アグモン達だって、太一に逢いたいと願っていた。
それが例え世界を救うための、仕組まれた出逢いなのだとしても、逢いたいという気持ちは本物だったはずだ。
何年も何年も、待って待って待ち続けて、ようやく逢えた最愛の子ども達。
ブイモンの逢いたいという気持ちを否定するのなら、アグモン達の気持ちだって否定しなければならない。
そんなこと、神が許したって大輔は許さない。
『………ダイスケのブイモンなら、あっちにいるよ』
どれぐらいそうしていただろうか。
10分のようにも思えたし、1時間ぐらい経ったような感覚でもあった。
大好きなかつてのパートナーに抱きしめられていたブイモンは、名残惜しそうにしながらゆっくりと大輔から離れ、自分の後ろの方を指さす。
“大輔”は、いつの間にか消えていた。
「そっか」
ブイモンが指さす方向を見やりながら、大輔は腕で乱暴に涙を拭う。
泣きすぎて真っ赤になった目尻がじんじんと痛むが、そんなもの何の弊害にもならない。
これから大輔は、大切なパートナーを迎えに行くのだから。
『……ダイスケ』
歩き出した大輔の背中をじっと見やりながら、ブイモンはそっと声をかける。
振り返る大輔。
何かを堪えているような、喚きたいのを必死で抑えているような表情を浮かべた後、唇をぎゅっと真一文字に結んで、ぐっと飲み込む。

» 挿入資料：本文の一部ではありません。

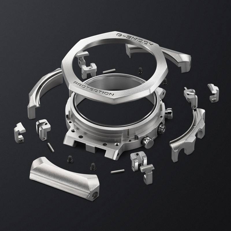 La montre Casio G-Shock MRG 2100 'Hanada-Iro' se distingue par son design robuste et élégant. Confectionnée avec un boîtier octogonal en titane, elle mesure 49,50 mm de longueur et 44,50 mm de largeur avec une épaisseur de 13,60 mm, offrant ainsi une présence notable au poignet tout en restant légère (122 g). Son allure dynamique est sublimée par une lunette en cobarion, un matériau connu pour sa dureté et sa résistance aux rayures. Le fond de la montre est fixé avec des vis, garantissant une étanchéité optimale jusqu'à 20 ATM. Cette construction robuste témoigne d'une qualité exceptionnelle et d'une durabilité incomparable. Grâce à son verre saphir traité anti-reflets, cette montre protège efficacement son précieux cadran tout en offrant un confort visuel sous tous les angles.
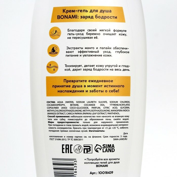 Гель для душа, заряд бодрости, 750 мл, аромат экзотических фруктов, BONAMI интересное:
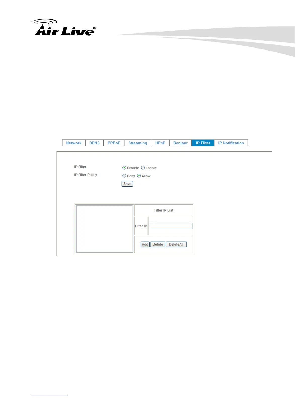 To enable or disable the IP filter function here.
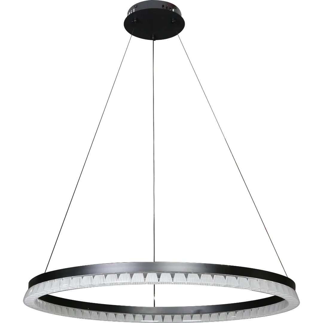 معلّق مودرن على شكل حلقة باللون الأسود، يوفر إضاءة متوازنة وعصرية لمساحات المعيشة أو العمل. يضم ثلاث أوضاع إضاءة ويعمل بطاقة إجمالية 55 واط، بقطر حلقة 80 سم لغطاء إضاءة واسع وأنيق.

強張っていた肩から力を抜き、握りしめていた拳もゆっくりと解き、口の端を吊り上げた。
泣きたいのを必死で我慢している笑みだった。
『…………………………………………また、な』
もっと言いたいことはあった。
ずっと一緒にいたかった。
隣を歩いていたかった。
でも、もうそれは出来ない。
「…………ああっ!」
全部飲み込んで、大輔との別れを決めたブイモンに、大輔も決意する。
喉の奥から何かがせり上がってきて、鼻がつんとして、視界がじわりと滲んできたけれど、大輔は大きく息を吸い込んで、それらを全部心の奥へと仕舞った。

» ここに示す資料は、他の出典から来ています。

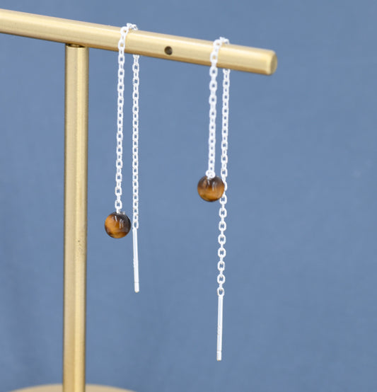 Genuine Tiger's Eye Gemstone Threader Earrings in Sterling Silver, 8cm Ear Threaders, Natural Semi Precious Gemstone Ear Threaders

ニカリ、といつもの、歯を見せる精一杯の笑みを浮かべ、手を振る。
何度か手を振った後、くるりと背中を向けて、大輔は総てを振りほどくように走り出した。
サラァ………
細かい砂が風に巻き上げられるように、ブイモンの足元がデータの粒子へと分解される。
『………………』
消えたくない。死にたくない。
やっと大輔に逢えたのに、結局大輔は自分の下からいなくなってしまった。
でも出来ない。逢いたい気持ちが強すぎて、強く願いすぎてデジタルワールドを壊しそうになってしまった自分は、間違いなく咎人なのだ。
最期に逢えただけでも、運がよかったのだ。
遠ざかっていく大輔の背中。
闇に包まれた空間の向こうへ、大輔が飲まれたと同時に、ブイモンの姿もそこから消えた。